Research Paper Volume 12, Issue 3 pp 2030—2048

High expression of SMYD3 indicates poor survival outcome and promotes tumour progression through an IGF-1R/AKT/E2F-1 positive feedback loop in bladder cancer


Figure 5. SMYD3 forms a positive feedback loop with IGF-1R/AKT/E2F-1 axis. (A) Western blot analysis of E2F-1 and IGF-1R protein expression in T24 cells 48 h post transfected with indicated vectors and treated with LY294002 (20μmol/L). (B) Schematic presentation of putative E2F-1–binding domains in the 5' flanking region of SMYD3. Reporter vector contained either wild type (SMYD3-P#1 WT) or mutant (SMYD3-P#1mt) E2F-1–binding sequences. +1: transcription start site. (C) A model of a positive feedback loop, involving SMYD3, IGF-1R and E2F-1, that sustains AKT activation, promotes BC development and progression. (D) qPCR and Western blot analysis of SMYD3 expression in 5637 and T24 cells transfected with E2F-1 siRNAs or control siRNA. Bars: SD. Wilcoxon signed-rank tests for the paired samples were used to calculate the two-sided P values based on six independent transfections. ** P < 0.01. (E) E2F-1 siRNA were co-transfected with WT SMYD3-P#1 into 5637 and T24 cells. Luciferase activity assay was performed 48 hours after transfection. Six independent transfections were performed. Bar: SD. A Wilcoxon signed-rank test for the paired samples was used to calculate the two-sided P value. (F) WT, E2F-1 motif mutant, or truncated SMYD3 promoter activity in 5637 or T24 cells.
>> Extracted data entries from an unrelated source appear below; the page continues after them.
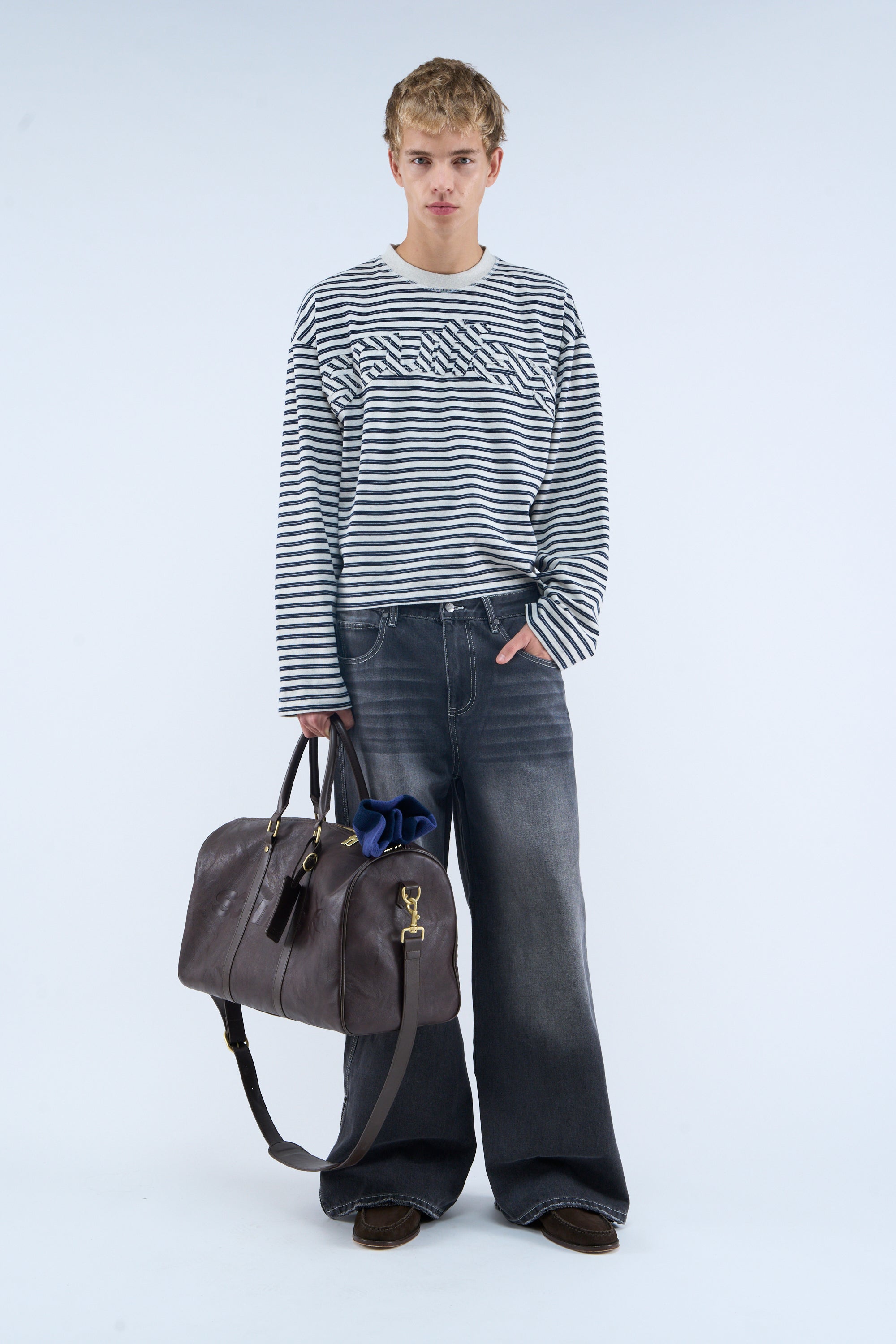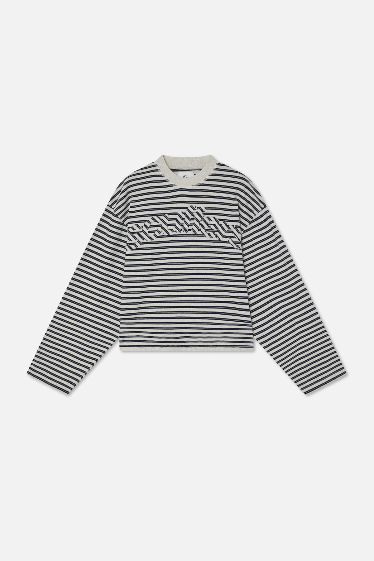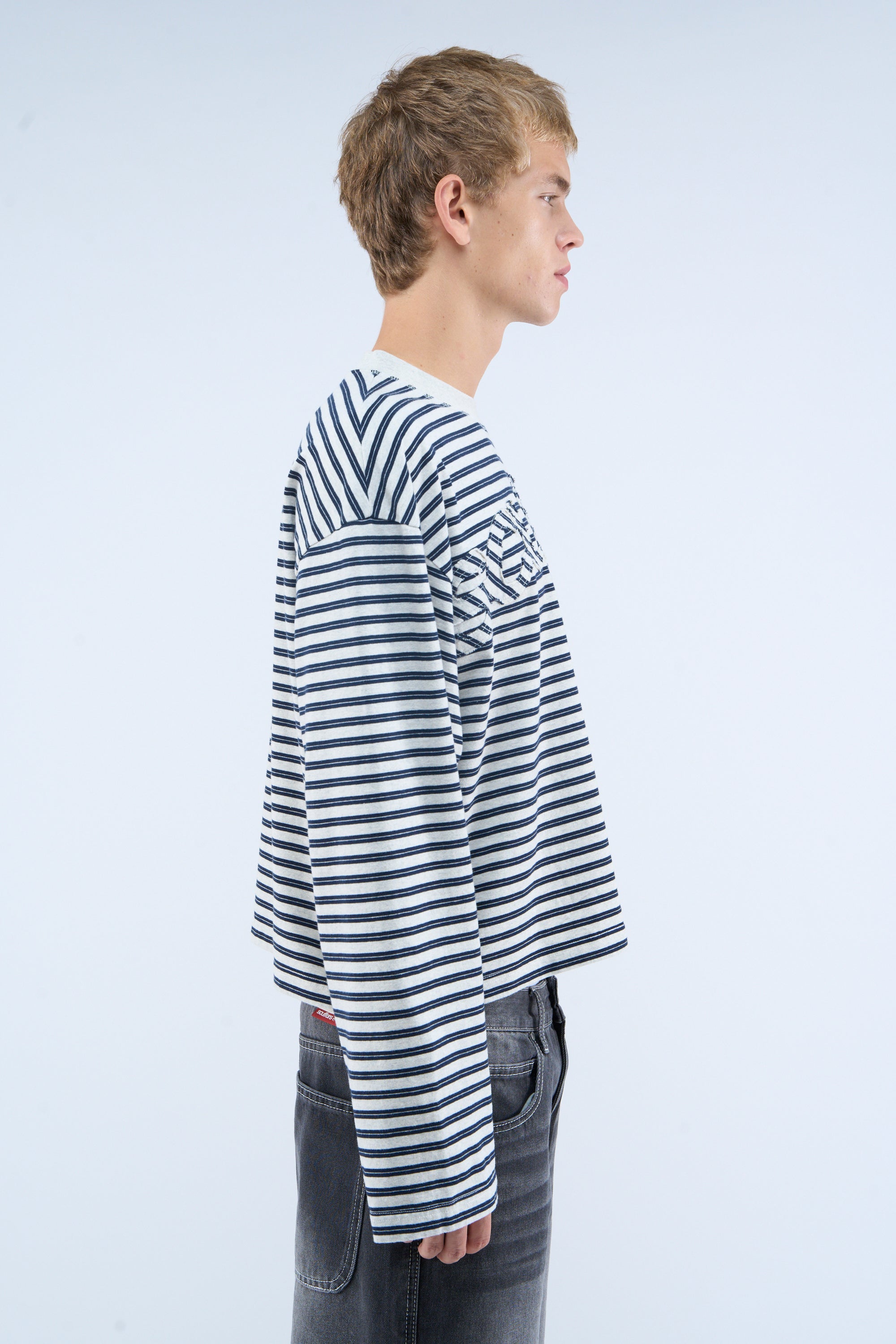 Striped Long-Sleeve T-Shirt made from soft cotton fabric. Features a relaxed fit, with horizontal navy and white stripes. The front is detailed with a "scuffers" logo in a distressed design across the chest. The back is simple with a small embroidered logo near the hem. Finished with a ribbed crew neck.
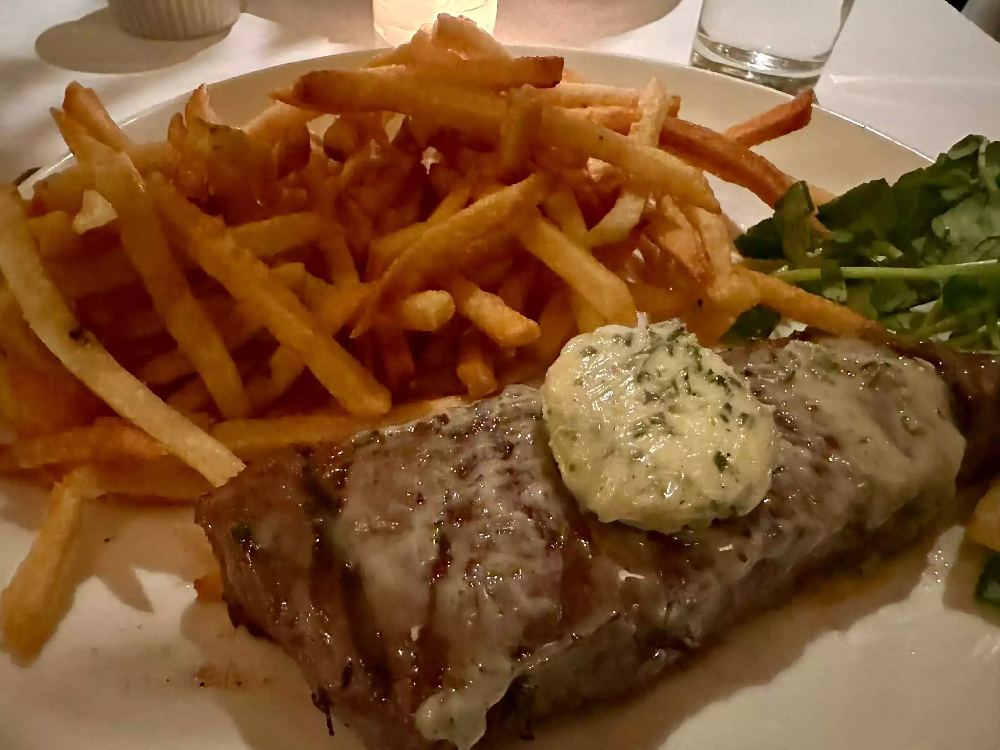 Every staff interaction, from the initial check-in, until the time we paid was both friendly and professional. This was some of the best service we’ve received at any New York City restaurant. The food was fantastic, we both had the steak frites with garlic butter. From what we received, the cost was very reasonable. Both the host and the waiter asked us about our theater plans to make sure we got our food in plenty of time to make our show. We will most definitely be going back.
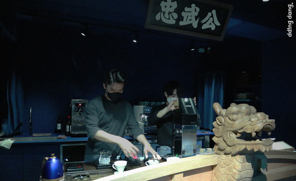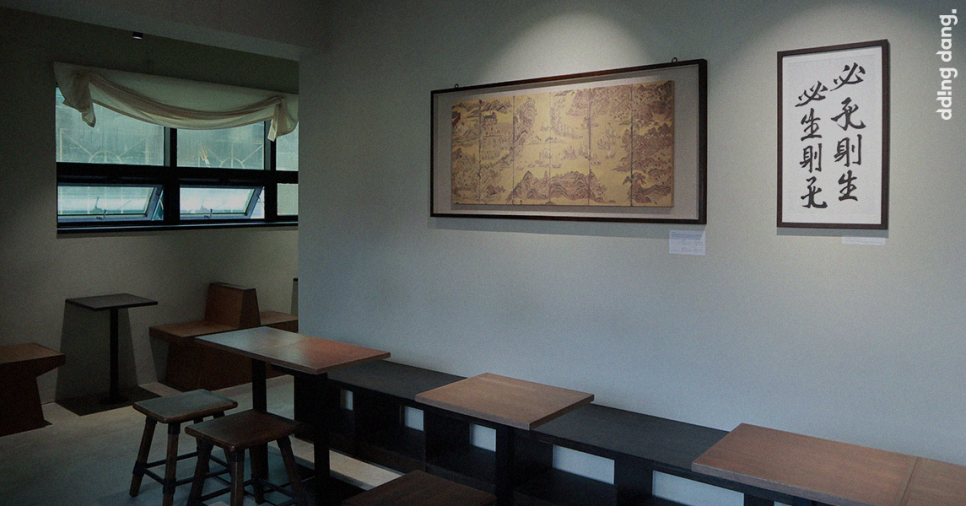 대한민국 국민이라면 모를 이가 한 명도 없는 이순신 장군의 호를 카페 이름으로 쓴다는 것은 오히려 카페 이름으로는 반감이 일어날정도로 위험한 선택일 수 있습니다. 하지만 그만큼 자신감을 뜻하는 선택이기도 하죠. 들어가기 전부터 웅장하게 펄럭이는 깃발에서 예상했지만, 그 안은 더 경이롭기까지 합니다. 충무공 그 이름 한 글자에 누를 끼치지 않으려는 마음이 진심으로 와닿기에 이미 눈은 이리저리 굴려 구경하기 바쁩니다.

Three independent experiments were performed in triplicates. Bar: SD. A Wilcoxon signed-rank test for the paired samples was used to calculate the two-sided P value. (G) Quantitative chromatin immunoprecipitation (ChIP) assay forE2F-1 occupancy at the SMYD3 promoter in 5637(left) or T24 (right) cells treated with the E2F-1 siRNA or control siRNA). Omission of antibodies (No Ab) was included in the whole experimental procedure, together with the PCR amplification of unrelated GAPDH gene, as appropriate controls. Data shown are from four independent transfections. Mean values of ChIP signals are normalized to 1% input. Input control was from non-immunoprecipitated total chromatin DNA. Bar: SD. Mann–Whitney U tests were used to calculate the two-sided P values. (H) The correlation among concurrent immunostaining scores of SMYD3, E2F-1, p-IGF-1R and p-AKT in BC tissues. The Spearman test was used in analyzing the correlation.